Get a string representation of the time series expression.

Returns:

str: String representation of the time series expression.

as_dict

def as_dict() -> dict

Get a dictionary representation of the statistics aggregation.

Returns:

dict: Dictionary containing aggregation metadata.

as_spark_row

def as_spark_row() -> Row

Get a Spark Row representation of the statistics aggregation.

Returns:

Row: Spark Row containing aggregation metadata.

determine_aggregations

def determine_aggregations(cls,
spark: SparkSession,
aggregations: list[StatsAggregator],
*,
solved_df: DataFrame = None,
query: QueryBuilder = None,
solver: QuerySolver = None,
pre_filtered_containers_df: DataFrame = None)

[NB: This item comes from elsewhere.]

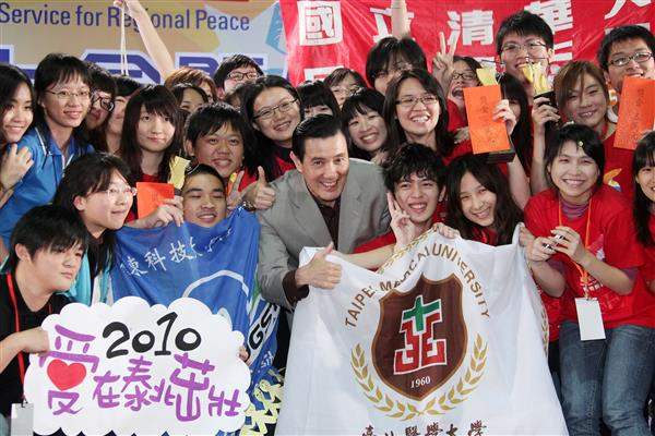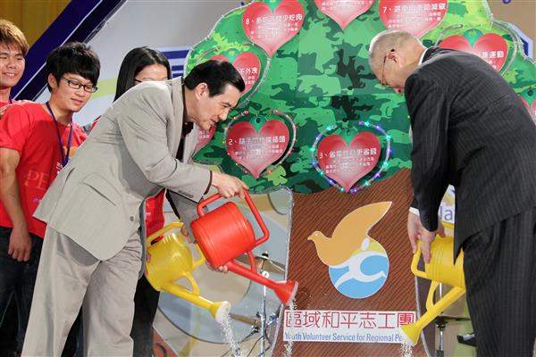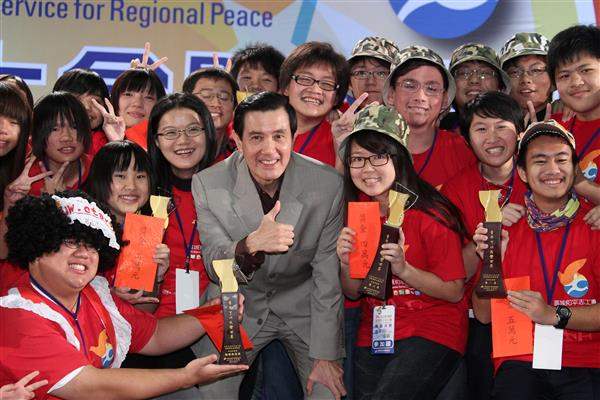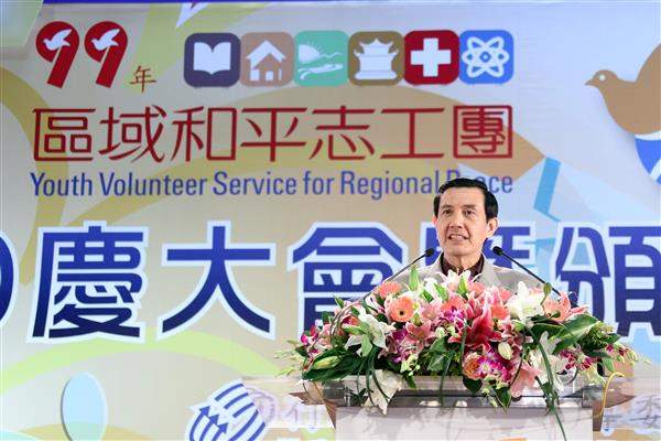 馬英九總統今天上午出席99年「區域和平志工團」團慶大會暨頒獎典禮,親自頒發「環境服務類」與「國際服務類」獎項予獲獎青年志工績優團隊,並勉勵青年志工們繼續幫助別人、磨練自己,對國家社會做出貢獻。

Determine and process aggregations for a list of StatsAggregator visuals.

Arguments:

  • spark (pyspark.sql.SparkSession): Spark session to use for computation.
  • aggregations (list of StatsAggregator): List of StatsAggregator visual aggregations.
  • solved_df (DataFrame): Pre-solved wide DataFrame from centralized batch solve. Required.
  • query (QueryBuilder): Query builder (unused, kept for interface compatibility).
  • solver (QuerySolver): Solver (unused, kept for interface compatibility).
  • pre_filtered_containers_df (DataFrame): Pre-filtered containers (unused, kept for interface compatibility).

Returns:

pyspark.sql.DataFrame: DataFrame containing the processed stats aggregations.

determine_metadata_df

def determine_metadata_df(
cls, spark: SparkSession,
stats_aggregators: list[StatsAggregator]) -> DataFrame

Create a metadata DataFrame for the provided StatsAggregator aggregations.

Arguments:

  • spark (pyspark.sql.SparkSession): Spark session to use for DataFrame creation.
  • stats_aggregators (list of StatsAggregator): List of StatsAggregator aggregations.

Returns:

pyspark.sql.DataFrame: DataFrame containing metadata for the stats aggregations.

determine_definition_hash

def determine_definition_hash() -> int

Calculate definition hash for stats aggregator.

Only includes computation-affecting attributes:

  • input_expressions
  • statistics to be calculated
  • event expression if there is any

Excludes: name, desc, signal_name, units, page_number, report_id

Returns:

int: Hash value representing the computation definition.